The Blogging from A to Z April Challenge  is for bloggers who wish to participate by publishing a blog post every day in April except for Sundays. Each blog post will focus on a letter of the alphabet. For example April 1 will be A, April 2 will be B and on it goes. By the end of April, a blog post for every letter of the alphabet will have been posted.


The Mulvaneys of High Point Farm in Mount Ephraim, New York, are a large happy family, who have been blessed with good looks and a happy, future full of certainty. But as time evolves, things don’t go to plan for the Mulvaneys. On Valentine’s Day in 1976, an incident, involving a member of the family, causes upset and reverberation through the family for the rest of their lives.

The story spans twenty five years, and is told years later by Judd, the youngest son, as he attempts to make sense of the past and the events that destroyed his happy family.

My Thoughts

We Are The Mulvaneys is a story of the rise and fall of a family. Of how quickly the perfect life can become a tragic life. The first few chapters contain quite long character introductions, which some may find tedious as I did at first. But they grew on me, and later in the book, I was thankful for such thorough introductions, as they helped me understand why certain characters did what they did, and why they reacted the way they did to unexpected circumstances.


It was the title that had me hooked immediately, making me want to read this book.
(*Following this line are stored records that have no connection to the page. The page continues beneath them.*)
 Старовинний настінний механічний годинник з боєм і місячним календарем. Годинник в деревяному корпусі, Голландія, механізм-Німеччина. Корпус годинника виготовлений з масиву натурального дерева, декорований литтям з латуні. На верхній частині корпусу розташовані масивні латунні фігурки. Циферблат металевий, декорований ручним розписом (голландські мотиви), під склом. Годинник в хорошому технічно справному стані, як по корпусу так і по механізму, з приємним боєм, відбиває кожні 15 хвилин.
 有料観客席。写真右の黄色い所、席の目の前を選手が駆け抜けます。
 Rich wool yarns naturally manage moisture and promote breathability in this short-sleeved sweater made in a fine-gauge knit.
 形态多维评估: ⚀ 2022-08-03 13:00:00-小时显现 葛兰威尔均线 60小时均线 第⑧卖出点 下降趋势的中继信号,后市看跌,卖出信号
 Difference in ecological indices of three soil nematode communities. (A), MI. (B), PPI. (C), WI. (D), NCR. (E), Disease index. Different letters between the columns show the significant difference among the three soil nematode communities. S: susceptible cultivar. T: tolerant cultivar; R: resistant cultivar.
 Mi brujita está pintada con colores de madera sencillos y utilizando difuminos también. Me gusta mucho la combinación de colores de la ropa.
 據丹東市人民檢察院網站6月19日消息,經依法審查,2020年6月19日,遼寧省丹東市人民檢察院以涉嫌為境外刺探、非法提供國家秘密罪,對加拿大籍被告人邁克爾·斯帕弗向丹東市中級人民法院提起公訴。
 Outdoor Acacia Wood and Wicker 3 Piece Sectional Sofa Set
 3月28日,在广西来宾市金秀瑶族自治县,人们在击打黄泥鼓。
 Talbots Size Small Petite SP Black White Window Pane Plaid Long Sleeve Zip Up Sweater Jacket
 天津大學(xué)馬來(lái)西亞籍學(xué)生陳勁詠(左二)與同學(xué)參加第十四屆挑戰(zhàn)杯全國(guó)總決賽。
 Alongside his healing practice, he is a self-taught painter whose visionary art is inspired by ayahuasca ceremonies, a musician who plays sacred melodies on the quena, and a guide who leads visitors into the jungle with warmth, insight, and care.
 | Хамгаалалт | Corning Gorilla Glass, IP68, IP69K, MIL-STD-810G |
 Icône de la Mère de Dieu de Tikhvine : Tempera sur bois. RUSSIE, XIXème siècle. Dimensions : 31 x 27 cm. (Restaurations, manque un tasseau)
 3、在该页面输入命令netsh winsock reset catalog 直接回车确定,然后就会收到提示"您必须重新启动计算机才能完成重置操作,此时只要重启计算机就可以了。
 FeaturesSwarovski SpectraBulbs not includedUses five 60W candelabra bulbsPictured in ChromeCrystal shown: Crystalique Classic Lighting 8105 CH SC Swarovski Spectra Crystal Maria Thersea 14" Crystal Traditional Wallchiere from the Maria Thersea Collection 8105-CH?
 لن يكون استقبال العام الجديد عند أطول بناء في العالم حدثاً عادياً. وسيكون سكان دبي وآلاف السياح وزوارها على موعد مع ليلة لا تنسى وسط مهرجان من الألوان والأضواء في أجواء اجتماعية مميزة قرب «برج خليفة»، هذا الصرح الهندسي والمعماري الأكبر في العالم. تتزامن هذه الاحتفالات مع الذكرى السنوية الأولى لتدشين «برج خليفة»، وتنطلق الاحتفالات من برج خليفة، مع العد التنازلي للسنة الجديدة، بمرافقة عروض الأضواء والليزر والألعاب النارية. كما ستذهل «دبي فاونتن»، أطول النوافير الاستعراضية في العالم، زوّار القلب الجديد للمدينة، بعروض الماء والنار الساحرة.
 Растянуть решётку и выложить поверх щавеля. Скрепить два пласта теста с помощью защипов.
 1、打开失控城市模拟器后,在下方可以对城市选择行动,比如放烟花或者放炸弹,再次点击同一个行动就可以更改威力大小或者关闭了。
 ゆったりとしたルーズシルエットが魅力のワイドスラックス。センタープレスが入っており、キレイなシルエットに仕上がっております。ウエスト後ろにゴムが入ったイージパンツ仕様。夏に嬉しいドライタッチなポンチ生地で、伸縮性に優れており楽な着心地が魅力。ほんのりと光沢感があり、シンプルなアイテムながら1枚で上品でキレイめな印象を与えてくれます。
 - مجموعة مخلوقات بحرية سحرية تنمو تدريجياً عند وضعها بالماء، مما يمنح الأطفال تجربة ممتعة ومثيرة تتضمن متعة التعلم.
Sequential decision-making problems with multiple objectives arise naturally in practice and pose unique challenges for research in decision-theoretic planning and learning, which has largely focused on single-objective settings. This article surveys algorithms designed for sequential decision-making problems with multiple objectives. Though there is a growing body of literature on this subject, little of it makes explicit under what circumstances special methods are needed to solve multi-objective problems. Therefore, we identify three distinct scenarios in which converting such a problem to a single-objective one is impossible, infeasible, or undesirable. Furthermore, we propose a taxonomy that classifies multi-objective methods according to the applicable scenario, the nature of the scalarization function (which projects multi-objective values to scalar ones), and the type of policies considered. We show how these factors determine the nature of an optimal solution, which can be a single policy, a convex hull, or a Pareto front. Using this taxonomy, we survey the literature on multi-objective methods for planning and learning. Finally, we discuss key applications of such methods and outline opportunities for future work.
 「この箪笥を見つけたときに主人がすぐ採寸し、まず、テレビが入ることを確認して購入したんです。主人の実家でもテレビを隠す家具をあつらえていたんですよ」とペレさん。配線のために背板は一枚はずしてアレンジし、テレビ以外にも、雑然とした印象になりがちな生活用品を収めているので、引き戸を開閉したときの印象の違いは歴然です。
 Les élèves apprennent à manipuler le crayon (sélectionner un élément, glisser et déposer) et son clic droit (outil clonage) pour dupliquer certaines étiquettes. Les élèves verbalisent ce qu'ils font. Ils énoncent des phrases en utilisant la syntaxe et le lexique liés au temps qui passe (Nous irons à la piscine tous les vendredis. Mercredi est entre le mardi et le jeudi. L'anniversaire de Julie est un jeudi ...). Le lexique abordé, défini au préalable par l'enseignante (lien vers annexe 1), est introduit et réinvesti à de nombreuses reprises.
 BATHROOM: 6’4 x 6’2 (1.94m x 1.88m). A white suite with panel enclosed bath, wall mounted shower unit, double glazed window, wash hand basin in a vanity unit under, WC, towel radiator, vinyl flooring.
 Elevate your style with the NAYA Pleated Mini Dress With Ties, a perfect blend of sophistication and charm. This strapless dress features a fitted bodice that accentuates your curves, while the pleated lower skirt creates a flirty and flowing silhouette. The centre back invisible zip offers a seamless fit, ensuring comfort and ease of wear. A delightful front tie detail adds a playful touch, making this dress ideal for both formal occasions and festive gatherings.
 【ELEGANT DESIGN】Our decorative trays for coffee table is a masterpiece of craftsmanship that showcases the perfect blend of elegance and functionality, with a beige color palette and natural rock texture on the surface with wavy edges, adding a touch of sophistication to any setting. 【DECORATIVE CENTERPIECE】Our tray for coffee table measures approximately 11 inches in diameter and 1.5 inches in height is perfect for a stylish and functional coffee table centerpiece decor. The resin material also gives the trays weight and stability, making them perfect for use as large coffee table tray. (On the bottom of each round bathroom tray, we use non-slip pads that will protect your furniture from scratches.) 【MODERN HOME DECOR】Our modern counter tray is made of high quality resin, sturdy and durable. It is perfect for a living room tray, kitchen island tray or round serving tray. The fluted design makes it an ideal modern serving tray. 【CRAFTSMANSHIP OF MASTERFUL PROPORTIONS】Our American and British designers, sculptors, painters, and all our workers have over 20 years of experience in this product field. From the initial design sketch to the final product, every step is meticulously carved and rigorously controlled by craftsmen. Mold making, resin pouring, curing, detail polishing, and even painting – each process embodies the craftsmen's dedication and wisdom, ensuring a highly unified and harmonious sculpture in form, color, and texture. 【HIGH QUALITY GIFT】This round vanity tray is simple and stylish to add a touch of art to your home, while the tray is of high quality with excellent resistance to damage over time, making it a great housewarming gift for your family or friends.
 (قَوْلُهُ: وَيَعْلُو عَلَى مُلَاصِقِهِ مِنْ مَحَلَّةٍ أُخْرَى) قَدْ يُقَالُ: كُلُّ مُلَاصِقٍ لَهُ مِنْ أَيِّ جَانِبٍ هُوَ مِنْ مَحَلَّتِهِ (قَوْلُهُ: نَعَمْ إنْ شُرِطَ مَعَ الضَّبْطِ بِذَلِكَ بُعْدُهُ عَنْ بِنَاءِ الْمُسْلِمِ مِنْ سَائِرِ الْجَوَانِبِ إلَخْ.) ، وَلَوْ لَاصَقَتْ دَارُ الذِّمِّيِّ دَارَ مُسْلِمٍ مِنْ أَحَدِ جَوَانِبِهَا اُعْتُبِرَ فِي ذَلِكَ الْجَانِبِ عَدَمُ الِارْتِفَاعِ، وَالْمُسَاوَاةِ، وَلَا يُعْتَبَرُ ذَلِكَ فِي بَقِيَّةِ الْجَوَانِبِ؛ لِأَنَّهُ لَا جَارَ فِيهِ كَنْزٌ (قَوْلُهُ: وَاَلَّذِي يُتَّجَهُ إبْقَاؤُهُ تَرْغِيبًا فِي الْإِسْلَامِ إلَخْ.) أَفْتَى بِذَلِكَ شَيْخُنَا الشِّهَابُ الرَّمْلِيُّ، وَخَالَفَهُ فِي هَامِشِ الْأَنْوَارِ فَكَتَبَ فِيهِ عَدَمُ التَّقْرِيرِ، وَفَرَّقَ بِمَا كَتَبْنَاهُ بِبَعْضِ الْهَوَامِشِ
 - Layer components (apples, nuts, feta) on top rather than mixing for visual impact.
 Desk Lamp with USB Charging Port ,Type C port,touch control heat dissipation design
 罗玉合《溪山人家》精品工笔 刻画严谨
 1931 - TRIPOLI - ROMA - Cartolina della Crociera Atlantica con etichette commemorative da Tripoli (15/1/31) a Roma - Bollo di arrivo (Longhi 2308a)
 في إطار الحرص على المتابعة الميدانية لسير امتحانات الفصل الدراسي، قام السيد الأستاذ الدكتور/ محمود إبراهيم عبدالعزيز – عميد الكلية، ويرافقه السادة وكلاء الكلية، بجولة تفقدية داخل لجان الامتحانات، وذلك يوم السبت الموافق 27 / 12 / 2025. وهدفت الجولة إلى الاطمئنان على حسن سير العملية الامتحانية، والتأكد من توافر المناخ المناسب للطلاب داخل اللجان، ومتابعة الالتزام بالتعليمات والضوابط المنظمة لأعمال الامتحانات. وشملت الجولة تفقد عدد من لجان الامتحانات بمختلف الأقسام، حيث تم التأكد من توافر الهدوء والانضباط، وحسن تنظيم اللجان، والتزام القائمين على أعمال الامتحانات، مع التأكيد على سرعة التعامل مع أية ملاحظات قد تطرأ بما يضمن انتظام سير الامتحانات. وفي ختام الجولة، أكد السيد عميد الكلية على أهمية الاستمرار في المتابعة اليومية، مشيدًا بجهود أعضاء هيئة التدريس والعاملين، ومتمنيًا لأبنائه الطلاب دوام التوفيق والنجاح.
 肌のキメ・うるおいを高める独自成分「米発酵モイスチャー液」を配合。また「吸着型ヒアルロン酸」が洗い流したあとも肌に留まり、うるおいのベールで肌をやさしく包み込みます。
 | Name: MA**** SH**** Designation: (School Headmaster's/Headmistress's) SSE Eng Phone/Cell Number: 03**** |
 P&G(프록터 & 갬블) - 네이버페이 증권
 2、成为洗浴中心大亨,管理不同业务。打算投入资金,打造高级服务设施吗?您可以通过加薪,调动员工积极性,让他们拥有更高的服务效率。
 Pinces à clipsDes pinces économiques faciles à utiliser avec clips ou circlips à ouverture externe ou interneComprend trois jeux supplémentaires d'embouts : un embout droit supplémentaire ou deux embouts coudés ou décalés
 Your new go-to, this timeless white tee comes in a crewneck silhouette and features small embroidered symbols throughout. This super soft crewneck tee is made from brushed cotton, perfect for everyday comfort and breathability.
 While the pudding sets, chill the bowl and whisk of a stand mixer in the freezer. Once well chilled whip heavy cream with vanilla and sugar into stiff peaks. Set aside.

We WERE the Mulvaney’s. Why ‘were’? Immediately I wanted to know more about what happened to this family.

I say every reader out there should read this book, but I may be biased because I love love this story of the Mulvaney family. I was totally enthralled from start to finish and couldn’t get enough of this slightly wacky family and their wacky ways. Perhaps this book means more to me because of events beyond my control that destroyed my own happy family life. I did feel a connection and sympathy towards the Mulvanney Mum, even though many times, I felt like shaking her and telling her to wake up and do something to bring her family back together. 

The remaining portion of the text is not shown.